DeepSeek reasonix, DeepSeek native coding agent with high caching and low cost

DeepSeek reasonix, DeepSeek native coding agent with high caching and low cost(esengine.github.io)

147 points by Alifatisk 4 hours ago | 85 comments

I'm not sure you need a "DeepSeek native coding agent" to take advantage of DeepSeeks cache, yesterday as the Codex quota usage issue still wasn't solved for me, I wrote a tiny little bridge so I could use DeepSeek V4 Pro via Codex, and seems most of everything I did was basically cached as far as I can tell: https://i.imgur.com/7eKn6wN.png (2026-05-23 Input (Cache hit): 39,123,200 tokens, Input (Cache miss) 1,692,286), and the bridge is doing not special, just massage the DeepSeek API shape into what Codex expects, nothing particular about caching at all.

Besides being even better at the caching, I'm not sure what benefits you'd get compared to just firing up OpenCode with the DeepSeek API yourself, it'll similarly do caching for sure and also "talks directly to api.deepseek.com" if that matters, and you'll get a much more mature harness.

3uler 2 hours ago | |

Opencode has really bad cache stability issues that they seem uninterested in fixing at the moment.

dathery 33 minutes ago | | |

The OpenCode devs talk about this on Twitter a lot, e.g. https://xcancel.com/thdxr/status/2048268697790300343

> tool call pruning breaks cache and people will tell you this is horrible and expensive

> except i looked at some anthropic data and real user behavior ends up with better cache hits and 30% less spend

> even this is needs to be analyzed further, it's just not simple

> for openai data it's inverted! cache hit ratio is actually better [sic: I think he meant worse based on the screenshot] with tool call pruning turned on

> but the net $ saved is only 5%

> kimi is a funny one - it has better cache hits with pruning on...but is also more expensive!
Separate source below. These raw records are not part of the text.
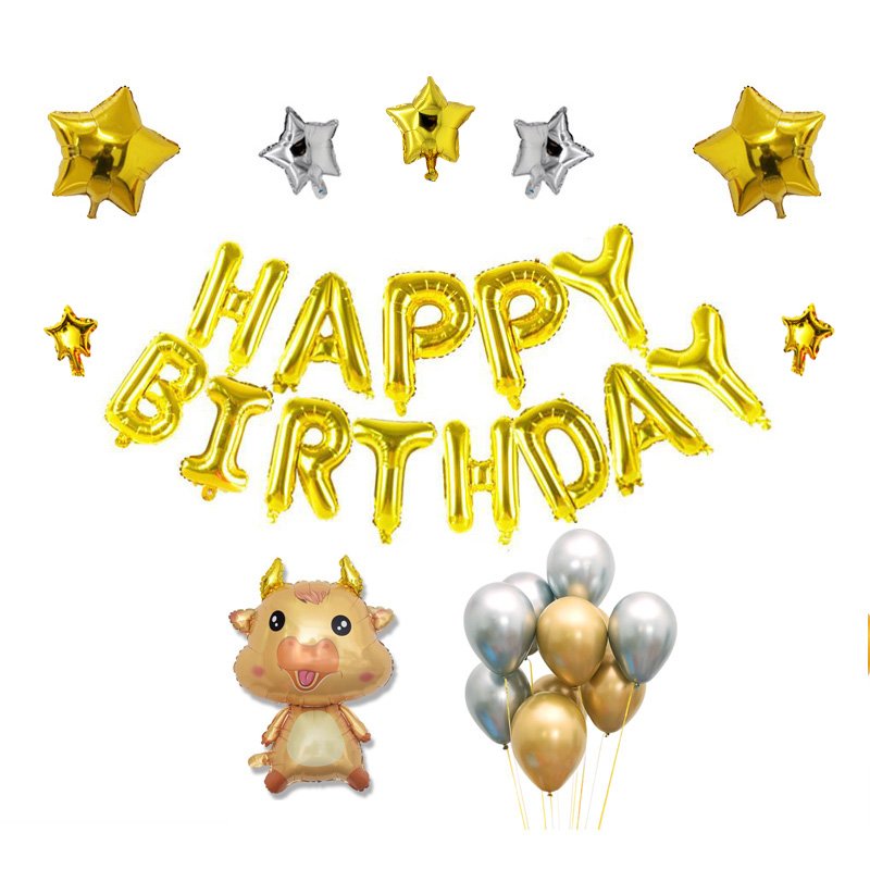 Gồm: - 1 bộ bong bóng chữ happy birthday - 1 bong bóng hình trâu vàng size lớn - 10 bong bóng siêu nhũ - 2 bong bóng hình ngôi sao 45cm - 3 bong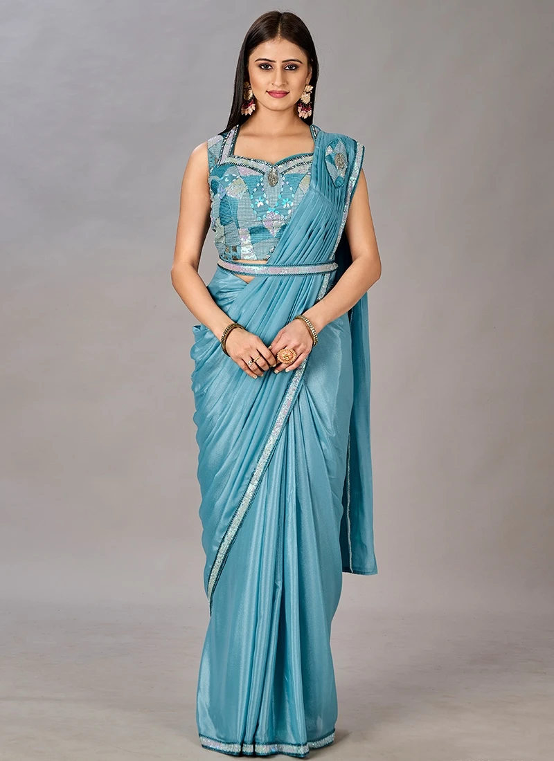 In summary the Sky Blue Faux Georgette Shimmer Saree is a symbol of grace beauty and sophistication. Its exquisite craftsmanship combined with the choice of fabric and color makes it a timeless piece in every womans wardrobe. Whether its a grand celebration or a special occasion this saree is sure to make a lasting impression turning heads and garnering compliments wherever you go.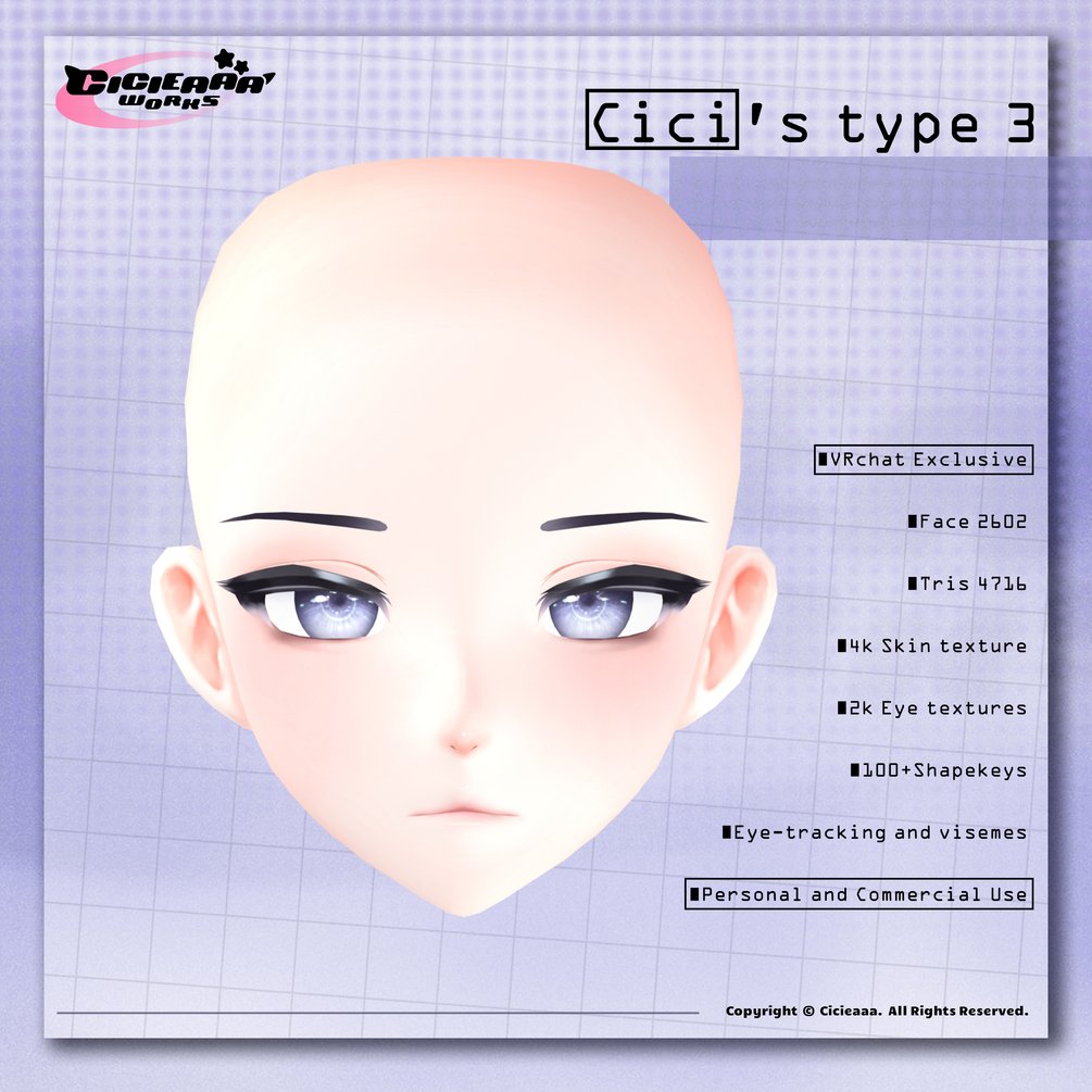 - You must credit this asset (Including meshes and eye textures) to the specific link to this item: ''cicieaaavr.gumroad.com/l/cicis3 '' or ''Cici's type 3 Male by Cicieaaa#7777 ''(So that nobody buys the wrong head); Also you need to make it clear with your credit that no one can take my head meshed off your finished model, they have to buy it directly from me to use it.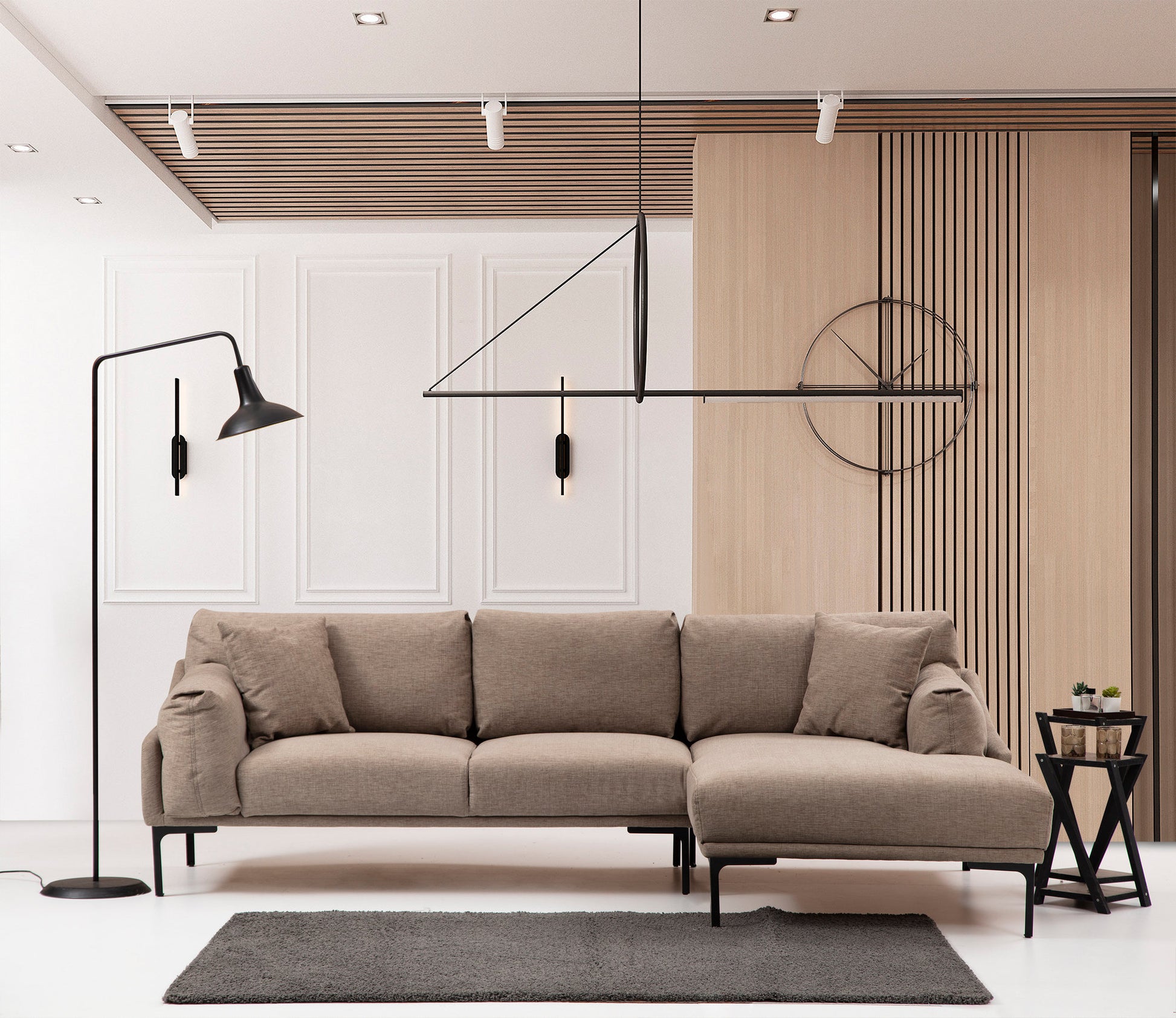 Com a sua cor moca e tonalidade castanha sólida, este sofá integra-se sem esforço em qualquer interior. Os elementos de design industrial e escandinavo fazem dele uma peça marcante que complementa vários estilos de decoração.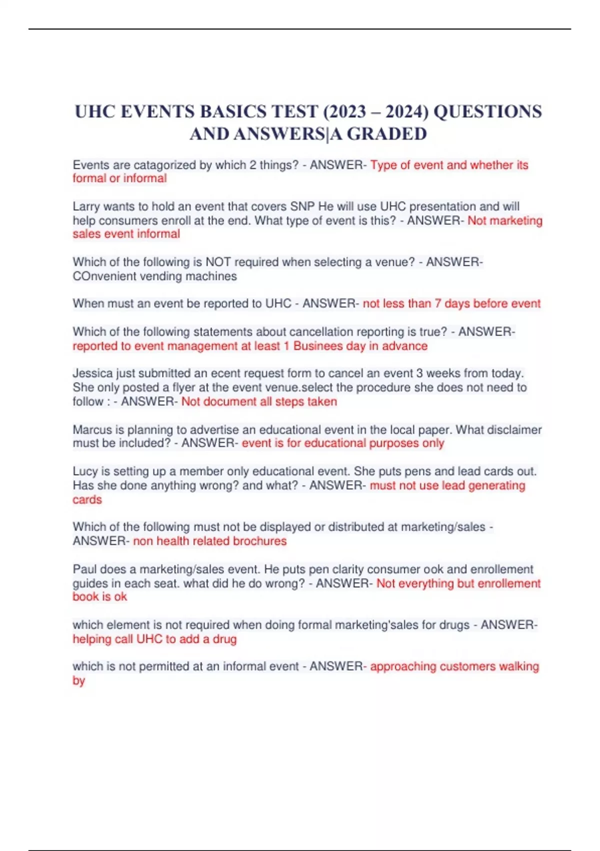 UHC EVENTS BASICS TEST (2023 – 2024) QUESTIONS AND ANSWERS|A GRADED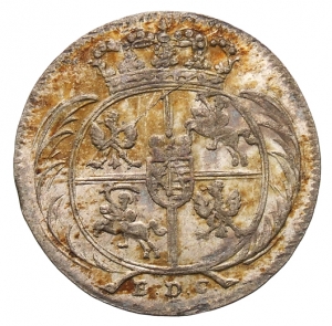 Vorderseite: Das gekrönte fünffeldige polnisch-sächsische Wappen zwischen Palmzweigen, unten Münzmeistersignatur EDC (Ernst Dietrich Croll).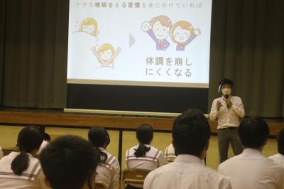 睡眠についての講話 2021年9月21日 14時42分 9月21日、外部講師をお招きし、睡眠についてのお話しがありました。夜眠れない、あるいは夜更かしをしてしまうといった悩みを抱えている生徒も多いようです。今回の講演をきっかけに、質の高い睡眠を心がけてほしいと思います。 いいね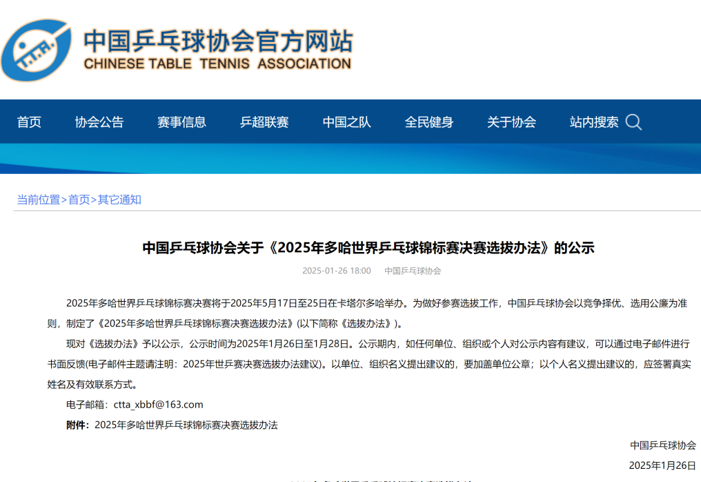 新華社北京1月26日電 中國(guó)乒協(xié)26日在官網(wǎng)公示了《2025年多哈世界乒乓球錦標(biāo)賽決賽選拔辦法》(以下簡(jiǎn)稱(chēng)《選拔辦法》)。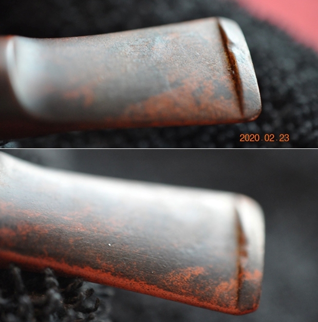 I took some photos of the rim top and stem to show the condition of them both when the pipe arrived. Overall the briar looked good. The Cumberland stem had some light tooth chatter and marks ahead of the button and on the button surface on both sides.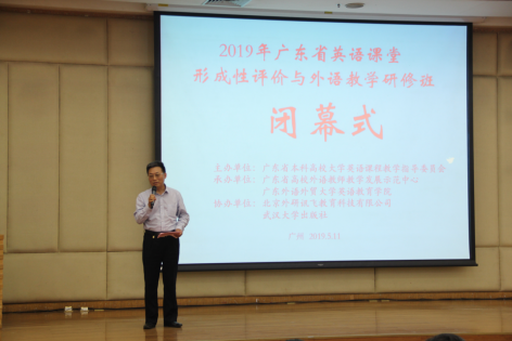 5月11日,2019年广东课堂形成性评价与外语教学研修班在我校北校区图书馆报告厅举行,本次研修班由广东省本科高校大学英语课程教学指导委员会主办,我校广东省高校外语教师教学发展示范中心和js3333线路检测中心共同承办,我校副校长刘建达,教师发展中心科长陈思,js3333线路检测中心院长董金伟、党委书记杨敏生、副院长吴岩、副书记骆银花及学院80多名专业教师,以及来自全省20多所高校近100多名大学英语教师参加了此次研修班,共同聚焦学习基于形成性评价的大学英语教学体系。研修班开幕式由董金伟主持。

There was also another thread recently where he discussed that pruning improves user experience (models are smarter with less context) but I can't find it.

This can also be disabled in the config: https://opencode.ai/docs/config/#compaction

huqedato 52 minutes ago | | |

I can't confirm this. Having utilized Opencode for a large project over the past 10 months, with multiple models and agents, we've never run into such 'cache stability issues'."

embedding-shape 1 hour ago | | |

That'd be really easy to spot and also fix, most likely. Any open issue you could point us to, must surely been reported already?

bwfan123 2 hours ago | |

> I wrote a tiny little bridge so I could use DeepSeek V4 Pro via Codex

Can you share the bridge. DeepSeek v4 is awesome paired with claude-code or opencode. I found that claude code costs me less than opencode and I am presuming this is due to a better engineered harness.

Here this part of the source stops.